#### SOURCE INFORMATION ####

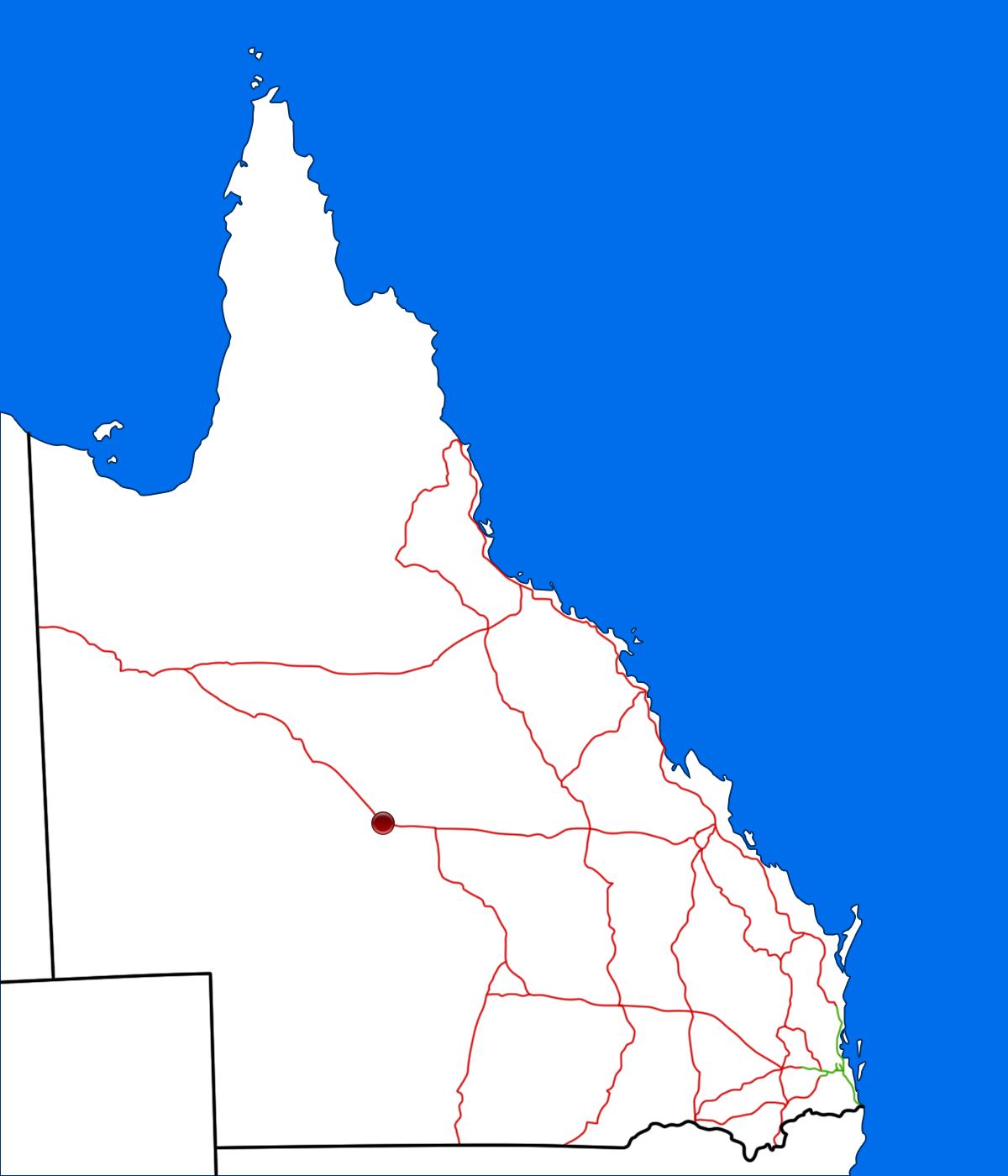 Queensland Map with Longreach marked.
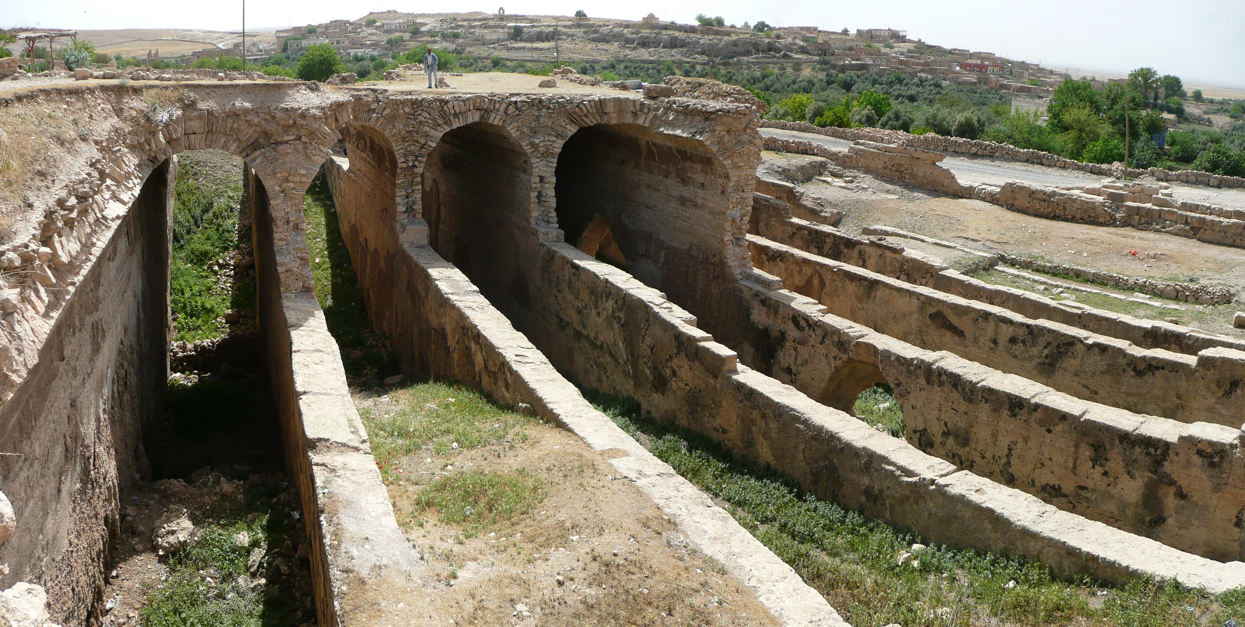 Photographs from Mardin, Turkey
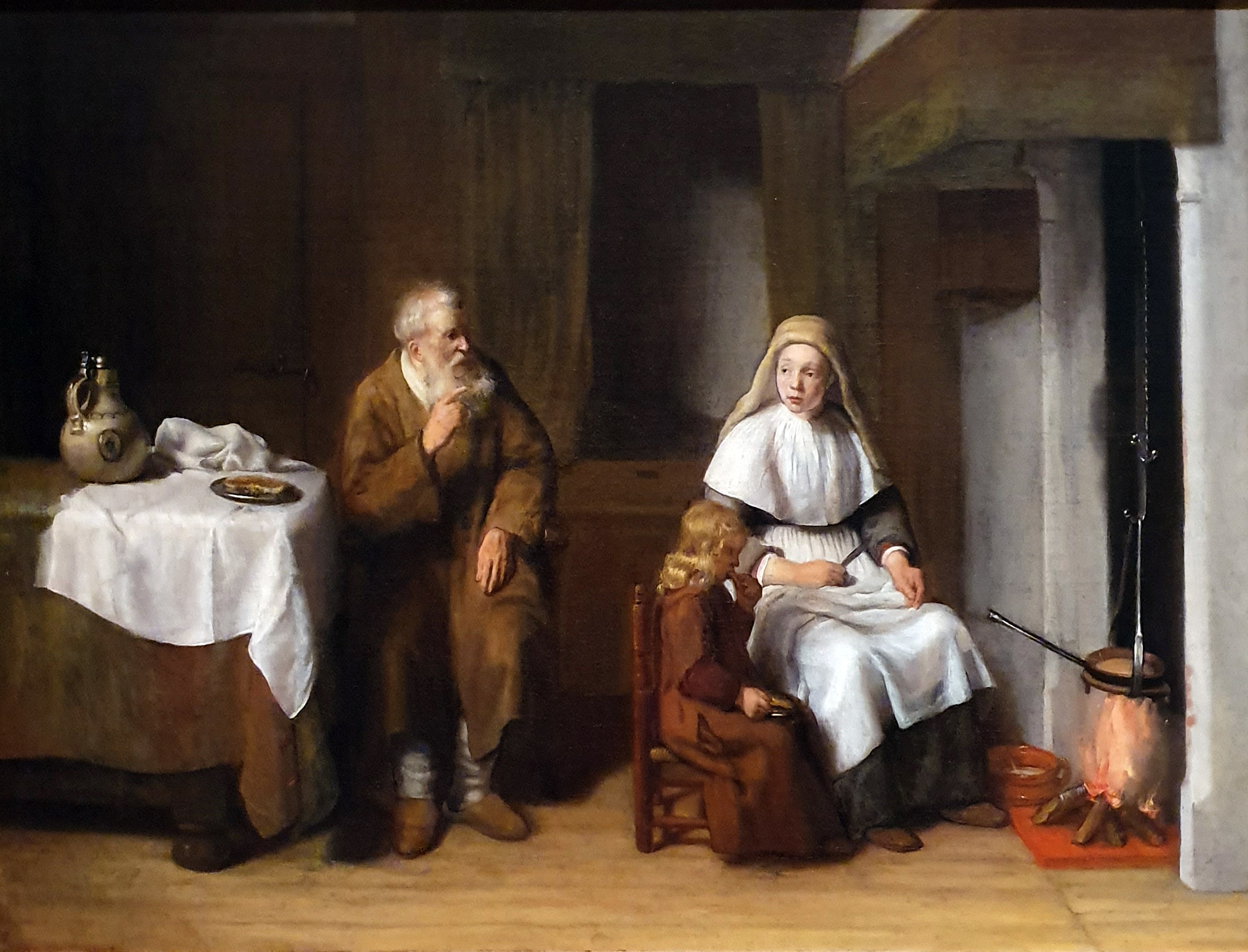 Abraham van Dijck - Il profeta Elia con la vedova di Serepta e suo figlio
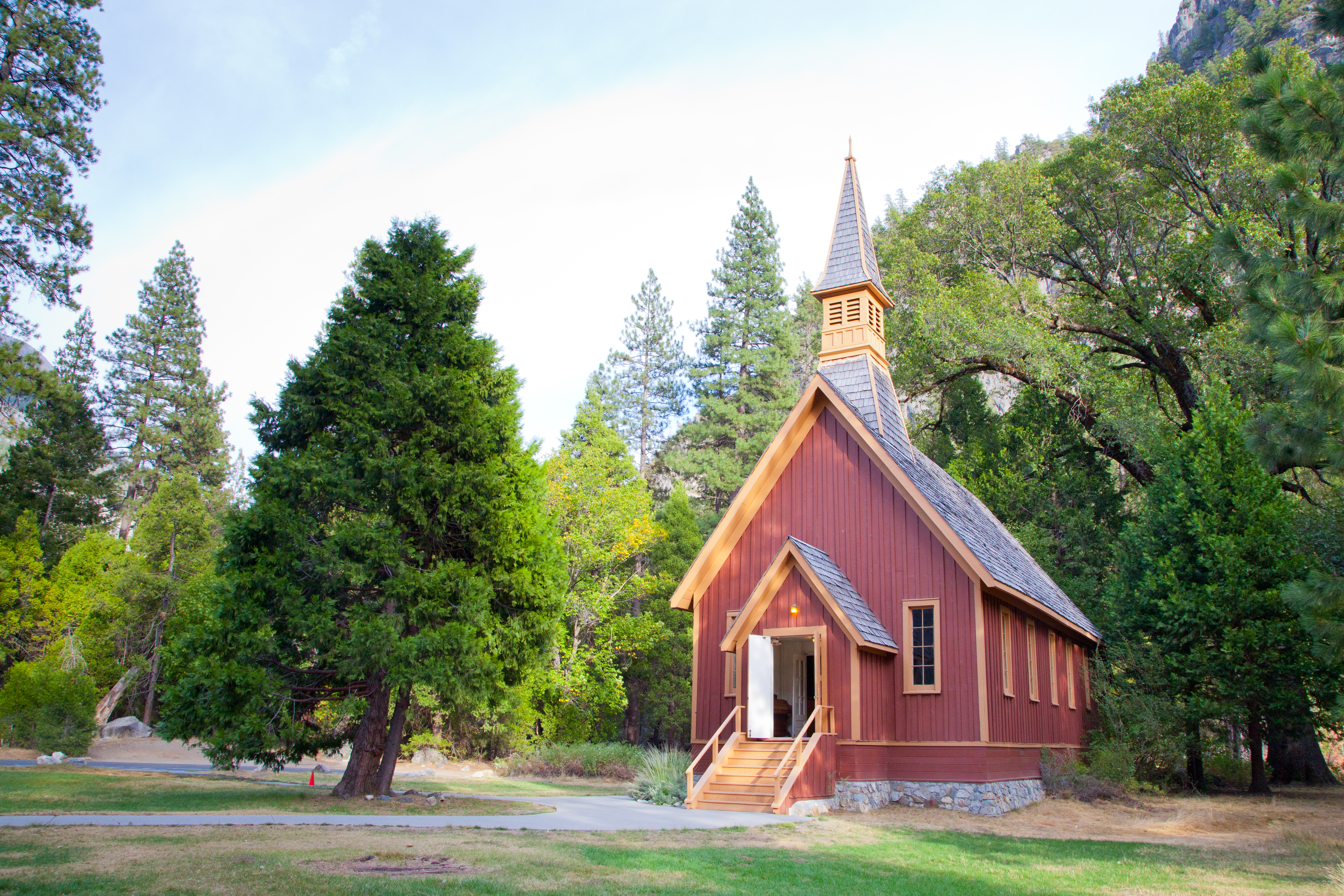 The Yosemite Valley Chapel in Yosemite Valley, California. The 1879 Carpenter Gothic style chapel is the oldest standing structure in Yosemite National Park. A Historic district contributing property on the National Register of Historic Places in Yosemite National Park.
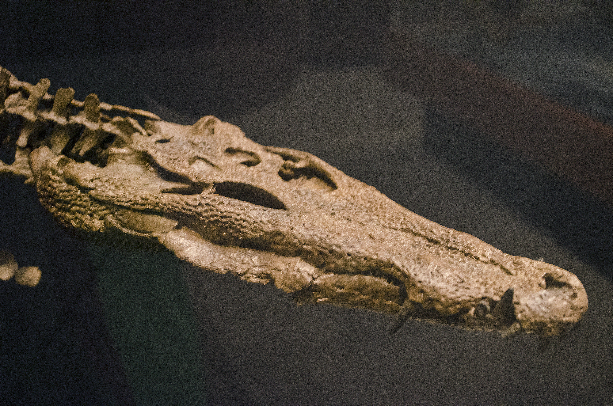 Borealosuchus skull on display at the Museum of the Rockies in Bozeman, Montana. This specimen was collected in McCone County, Montana. Borealosuchus was a crocodile that lived in North America from 86 to 38 million years ago. It was about 9 feet long, about mid-size for a croc at the time. It was incredibly numerous, and there are many species in the genus.
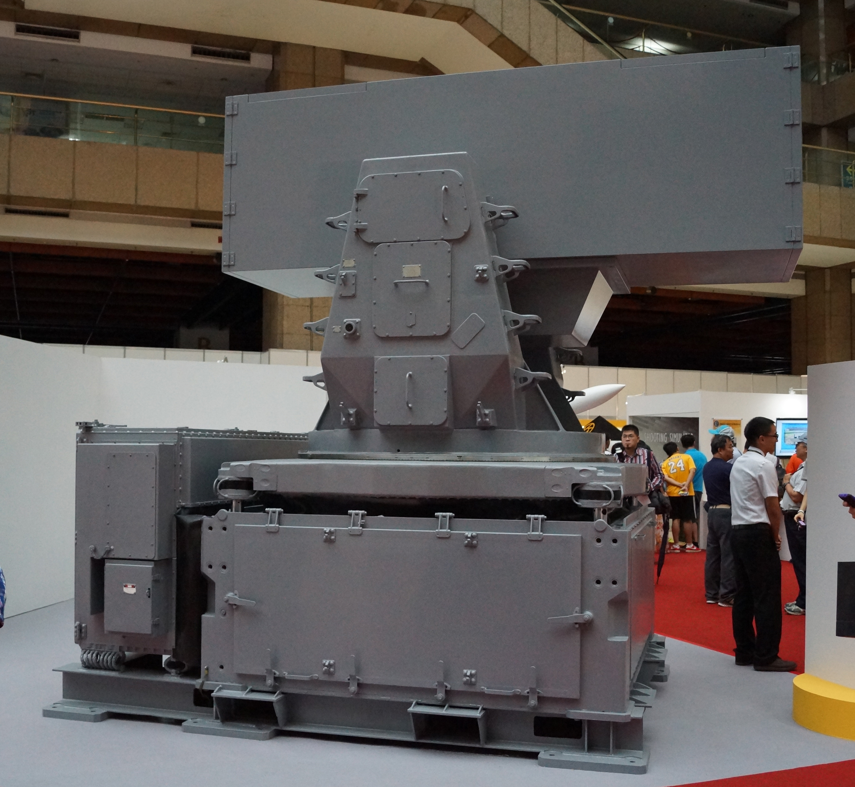 The right side of Sea Oryx Missile System at MND Hall, 2015 Taipei Aerospace & Defense Technology Exhibition.

####

> _WHAT IS BEING ASKED_
Excluding any pictures, print exactly the lines of the listing above from the line with "Abraham van Dijck" to the line with "Borealosuchus skull on", both ends included.

> _TASK ANSWER_
 Abraham van Dijck - Il profeta Elia con la vedova di Serepta e suo figlio
 The Yosemite Valley Chapel in Yosemite Valley, California. The 1879 Carpenter Gothic style chapel is the oldest standing structure in Yosemite National Park. A Historic district contributing property on the National Register of Historic Places in Yosemite National Park.
 Borealosuchus skull on display at the Museum of the Rockies in Bozeman, Montana. This specimen was collected in McCone County, Montana. Borealosuchus was a crocodile that lived in North America from 86 to 38 million years ago. It was about 9 feet long, about mid-size for a croc at the time. It was incredibly numerous, and there are many species in the genus.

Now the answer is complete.